Additive manufacturing (AM), also known as 3D printing, is a process of creating three-dimensional objects by adding layers of material on top of each other. It has revolutionized the manufacturing industry by allowing for more complex designs to be created quickly and at a lower cost. Additive manufacturing has numerous applications in industries such as aerospace, medical, and automotive, and continues to evolve with new materials and technologies.
The importance of high power and small focal spot X-ray tubes
In wire arc additive manufacturing (WAAM), layers of metal are deposited on top of each other until the desired 3D part is created. Because of the individual layers and the sometimes-complex structures, an X-ray tube with a small focal spot is needed for detecting even the smallest faults. But high resolution is not the only necessity.
«The larger components we have here are typically made of metal, so highly absorbent, large geometries. Because of that, we just need more power than conventional micro focus tubes can deliver with a certain focal-spot size.»
Dr. rer. nat. Tobias Fritsch, Physicist at BAM
WAAM components are very dense and thus need a high-power X-ray tube that can penetrate the thick walls. The MesoFocus 450 in a Diondo CT System is therefore the right tool for the task, as it combines high power with a small focal spot. The high resolution capability makes sure major faults are detected. Other factors that need to be taken into consideration, especially for the industry, are speed and low maintenance. So even though open X-ray tubes could provide an even higher resolution, a faster and low maintenance, closed tube like the MesoFocus is preferred.
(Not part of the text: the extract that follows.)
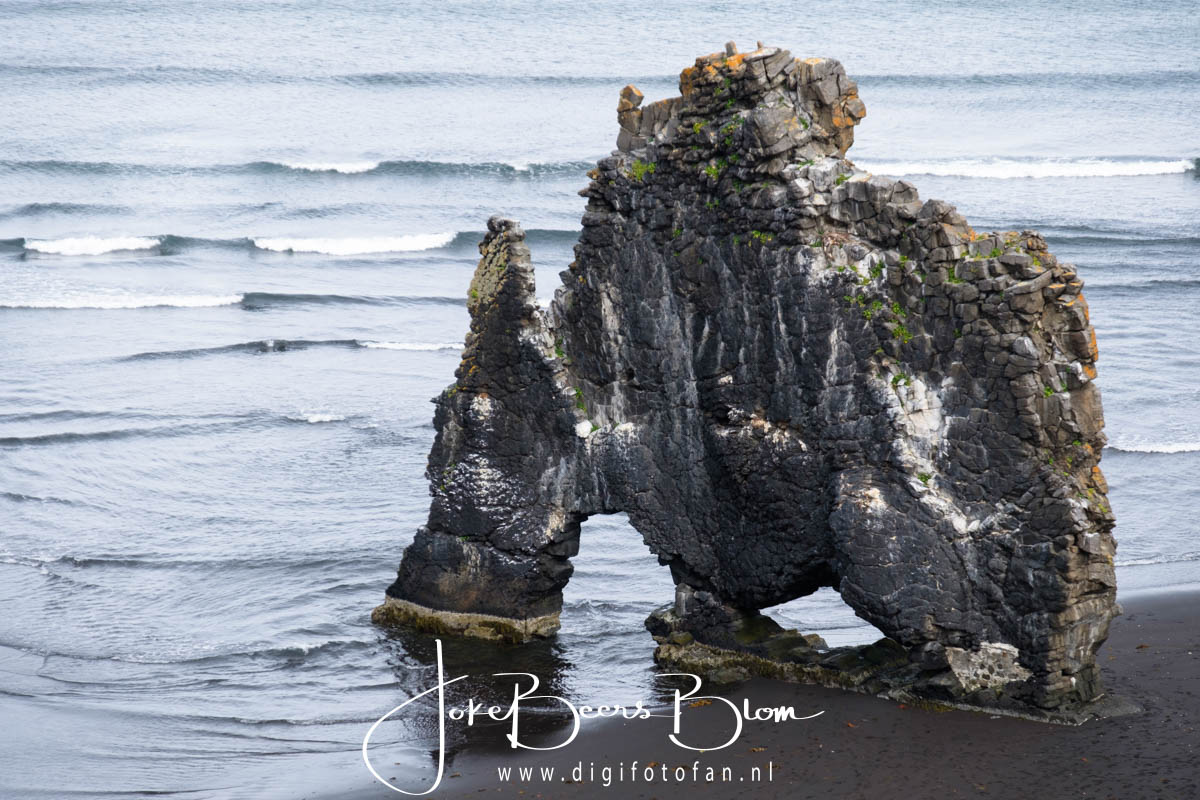 De volgende uitstulping hebben we niet rondom gereden, teveel slechte weg, daar schijnt vrijwel helemaal niemand te komen en dus hebben we dat maar niet gedaan, temeer omdat het die dagen ook wat regenachtig was waardoor het ook nog eens wat glibberig wordt. We zijn wel naar Glaumbær gereden en hebben daar het leuke museum en de turfhuisjes bezocht, het stadje Sauðárkrókur ligt daar dichtbij en daar zijn we via een fantastische route naar het westen en weer een stuk ringweg doorgestoken om vervolgens weer af te slaan naar Vatnsnes. Dit is echt een schiereiland en dat kun je rond rijden over een onverharde, niet al te beste weg maar omdat wij wel naar Hvítserkur wilden en van vorig jaar wisten dat het wel te doen was en nog eens ontzettend mooi is hebben we dat wel gedaan. Hvítserkur is een rots in zee op een mooie plek, je kunt naar beneden als het eb is maar het was nogal glibberig en mezelf kennende moet ik dat gewoon dus niet doen en bovendien vanaf de kust is het uitzicht er op ook fantastisch. En daar zagen iets verder dus ook ijsbergjes drijven, heel apart om te zien!

What is wire arc additive manufacturing?
Wire arc additive manufacturing (WAAM) is a type of additive manufacturing that involves the use of metal wire as the feedstock. This wire is melted by an electric arc and then deposited in layers to form a 3D part. WAAM is particularly useful for creating large-scale metal parts and has applications in aerospace, automotive, and construction industries.
A promising future
Looking ahead, BAM strives to digitize the quality assurance for AM. SMEs can then copy and implement the developed tools in their production facility but are also asked to contribute actively to the living lab. Through the platform’s digital capabilities, companies can collaborate remotely, and the frequency of physical travel and on-site inspections is reduced.
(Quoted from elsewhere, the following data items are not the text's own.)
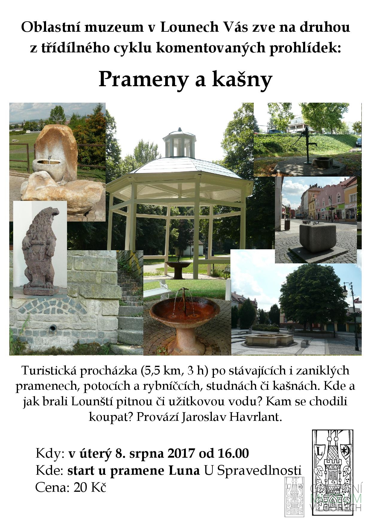 Turistická procházka (5,5 km, 3 h) po stávajících i zaniklých pramenech, potocích a rybníčcích, studnách či kašnách. Kde a jak brali Lounští pitnou či užitkovou vodu? Kam se chodili koupat? Provází Jaroslav Havrlant.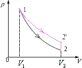 解(2):若氧气经历如图示的另一过程 1→ 2'→2, 氧气在全过程中外界对气体做功为 ≈1.44×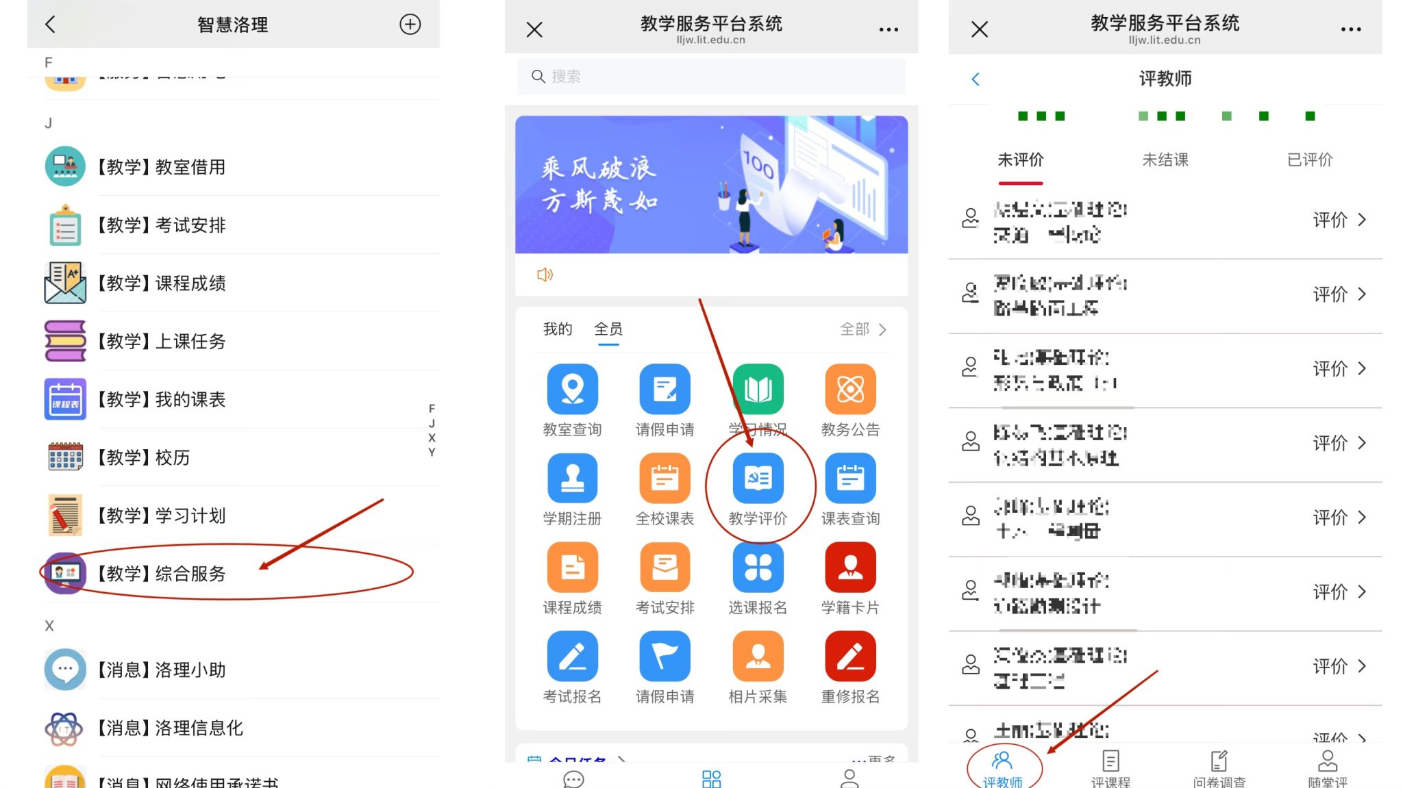 2.手机端进入“智慧洛理→综合服务→教学评价→点击本学期课程进行评价”。如下图:

QI Digital represents a significant step forward in additive manufacturing and towards the Industry 4.0. Not only that, but it also sets new standards for non-destructive testing in general and the way X-ray inspection will work in the future.
Dr. rer. nat. Uwe Zscherpel is a Governmental Director and researcher at BAM. He holds a Diploma in Experimental Physics and a PhD in Chemical Physics from the University of Leipzig. With over 30 years of experience in the field of industrial radiographic testing, he has contributed significantly to research and standard development for film digitization and digital film replacement by computed radiography (CR), digital detector arrays (DDA) and computed tomography (CT). Latest activities are the standard development for NDT applications in additive manufacturing and the automated flaw detection using deep learning with neural networks and other image processing methods.
Dr. rer. nat. Tobias Fritsch is a scientific researcher at BAM. After a Master’s Degree in Physics he joined BAM for a PhD on NDE of AM Lattice Structures. He collected experience in industrial battery research for 1.5 Years and re-joined afterwards the CT-group at BAM as a post-doc.
He has a major interest in application-driven development of the CT-technique especially regarding quantitative image analysis. With that he advances the information depth and improves analysis routines, mainly for CT application in additive manufacturing.